Chain Pickerel Size, Diet, Bait | Chain Pickerel vs Pike

It is a long, torpedo-shaped fish with a big mouth loaded with needle-like teeth that can be found in the Pacific Ocean. The broad dorsal and anal fins, which are located close to the tail, are an adaptation to the fish's ability to accelerate quickly. Adults are distinguished by a distinctive pattern of dark chain-like markings on a dark green to the yellowish-green backdrop. 

Generally, a black bar continues straight down or slightly forward from beneath the eye, toward the lower jaw. The dark band beneath the eye of the redfin pickerel is similar, but it extends back toward the tail. Chain pickerel can be differentiated from northern pike by its entirely scaled operculum (the hard bony flap protecting the gills), whereas northern pike's operculum is scaleless on the bottom half.

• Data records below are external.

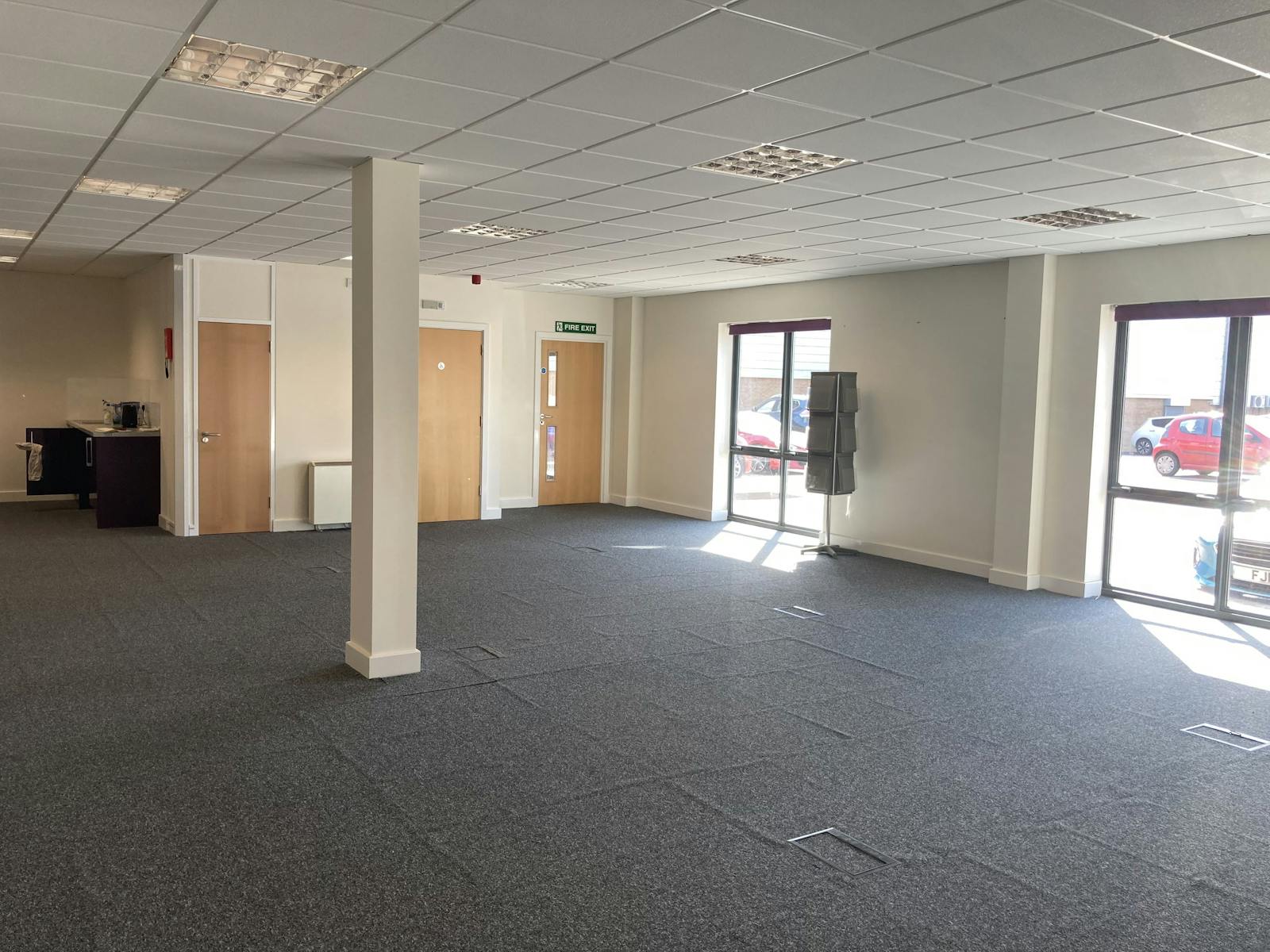 The two floors are large open plan spaces, each with kitchen area and WC's. The suites are fully carpeted, have raised floors and suspended ceilings with recessed lighting throughout.
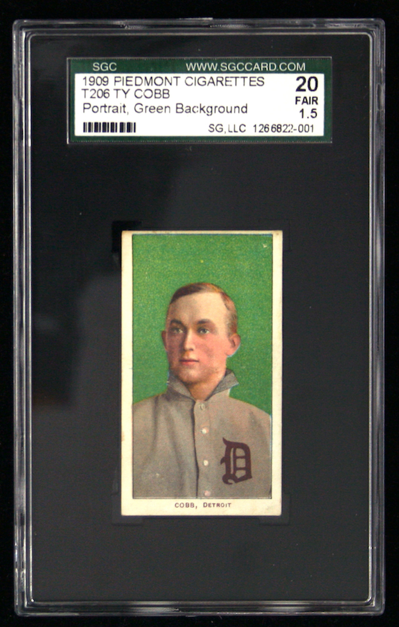 Description:1909-11 T206 Ty Cobb green portrait (EX appearance, SGC 20 FR). Piedmont back. Displays as EX from the front with very light corner wear and strong color and registration. The back exhibits light age toning and has a small area of surface loss on the left upper edge. Graded SGC 20: FR
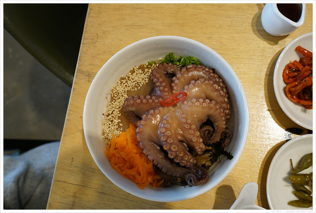 ▼ 돌문어장비빔밥입니다. 돌문어 한마리가 삶아져 나오고 조림무, 파, 당근, 김, 밥 등이 그릇에 담겨져 나옵니다. 삶은 문어에 살짝 간이 되어 있어 좋았고 문어를 잘 못 삶으면 질기다고 하던데 정말 부드러웠습니다.
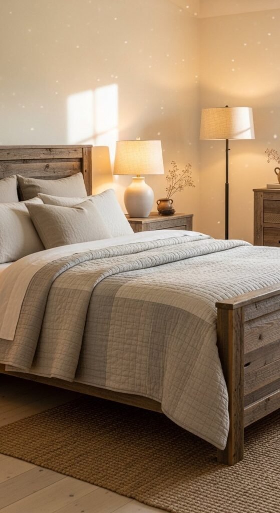 Quilted bedding adds comfort without bulk. Neutral shades keep bedrooms calm and timeless. Layer quilts over linen sheets for texture. Fold them halfway down the bed for casual styling. Thrifted quilts work well when colors stay soft. Keep patterns subtle so the bed feels restful rather than busy.
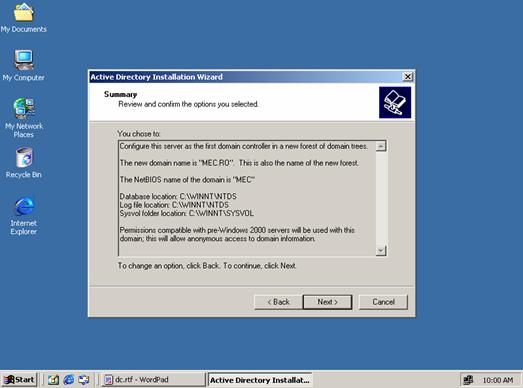 10)Se vor afisa in final optiunile alese in timpul wizard-ului dupa care va incepe promovarea propriu-zisa cand vor incepe sa se creeze obiectele,permisiunile si celelalte setari de securitate necesare intr-un domeniu Windows 2000.
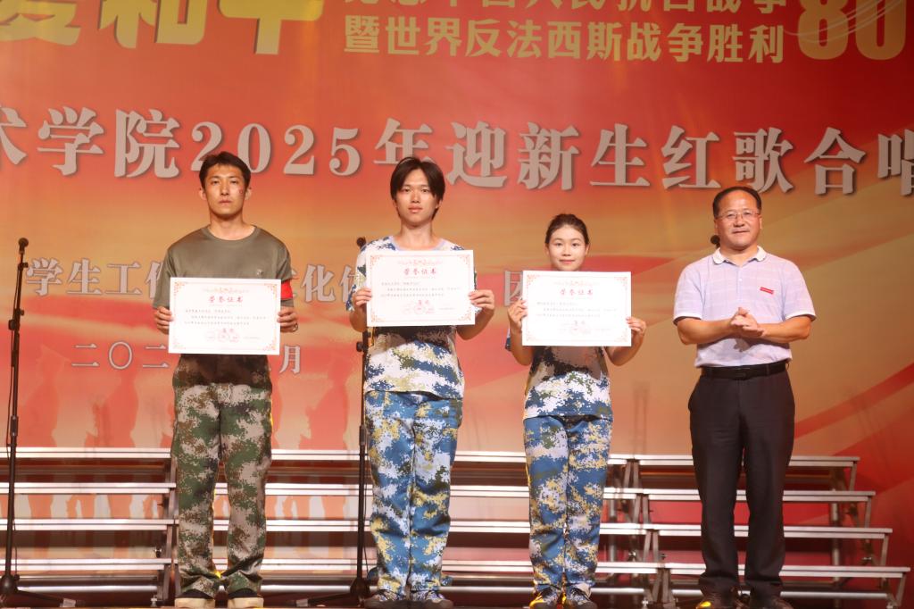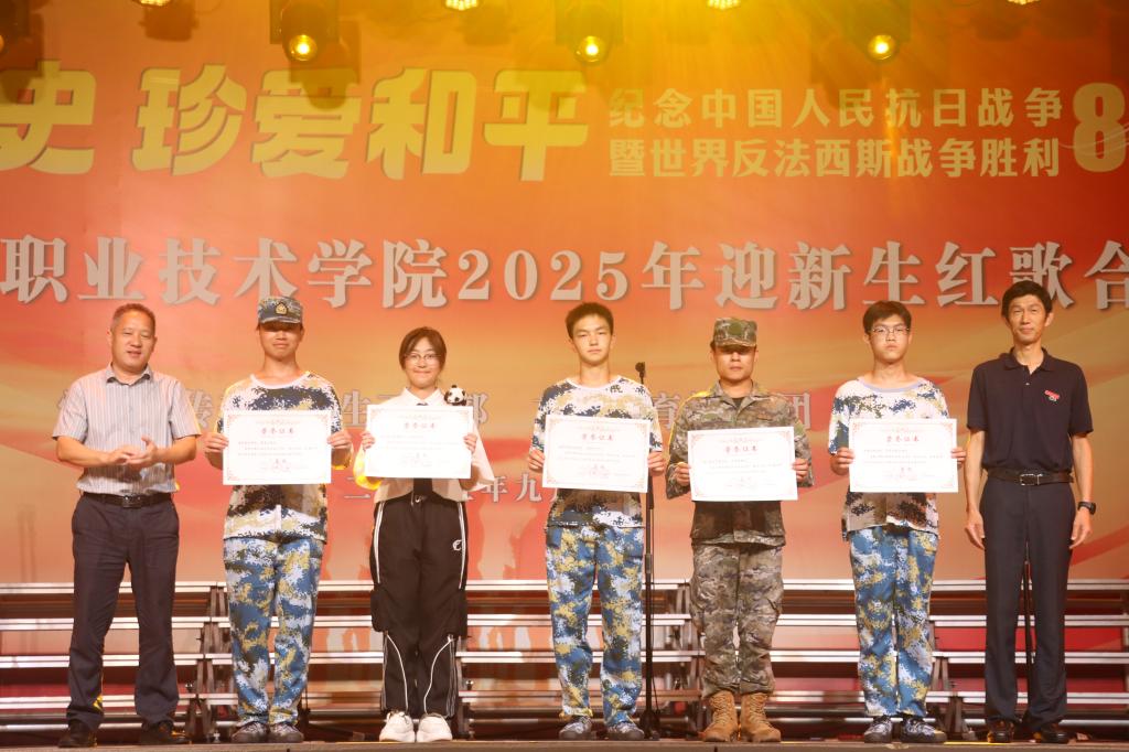 为纪念中国人民抗日战争暨世界反法西斯战争胜利80周年,引导青年学生厚植家国情怀、增强历史责任感与时代使命感,9月26日,我校在田径场举行“铭记历史 珍爱和平”2025年迎新生红歌合唱比赛。校党委书记蔡志军,校党委副书记孔志光,校党委委员、副校长曹志斌等校领导,各二级学院党政负责人及全体2025级新生共同观看比赛,张龙燕、周勤等5位教师担任评委。

    Chain pickerel are found east of the Appalachian Mountains, from the St. Lawrence River to Florida. They can also be found in the Mississippi River drainage system in the south. Chain pickerel can be found across the state of New Hampshire.

    Chain Pickerel Size, Diet, Bait | Chain Pickerel vs Pike

    Chain pickerel are active and often easy to catch. Target places that are less than ten feet deep and have an abundance of aquatic plants. Pickerel can be caught with live bait, such as worms and minnows, or artificial lures. Lures like spinnerbaits and plastic worms are recommended. 

    Chain Pickerel  Size

    Chain pickerel are the pike family's smallest gamefish. They can live for ten years, grow to be three feet long, and weigh approximately 7 lb or more.

    Chain Pickerel Diet

    Pickerel are primarily active throughout the day and are sight-oriented predators. These predators are very opportunistic feeders, and they strike with extraordinary speed when they spot unsuspecting prey swimming nearby. The pickerel's primary diet comprises small fish, crayfish, frogs, mice, newts, and insects, among other things. 

    Chain Pickerel Bait

    Weedless fishing spoons and spinnerbaits with pork or plastic dressings work well as well. Soft plastic jerk baits are fantastic for fooling pickerel, even though the fish prefer to chew them up a little. While moderate to quick retrieval is usually successful, there are situations when slowing down is necessary.

    Live shiners of all sizes are popular with pickerel, but 4- to 5-inch baits are particularly appealing to larger individuals. They are attracted to Arkansas shiners, pond (golden) shiners, emerald shiners, chubs, and sucker minnows.

    Northern pike vs. Chain pickerel

    Northern pike can reach considerably greater lengths than pickerel. Pickerel have a dark chain-like pattern on their sides, whereas pike has numerous little, light bar-like markings all over their flanks, so body colors, as well as dot and bar patterns, are other reliable ways of distinguishing these two species.

    While northern pike (Esox lucius) and chain pickerel (Esox niger) are technically distinct species of fish, they are closely linked due to their membership in the larger pike family Esocidae and the same genus type Esox.

    As such, they have some characteristics that make them relatively difficult to distinguish apart. The body shape of the pickerel is strikingly similar to that of the northern pike, and so the fish is often assumed to be a young pike.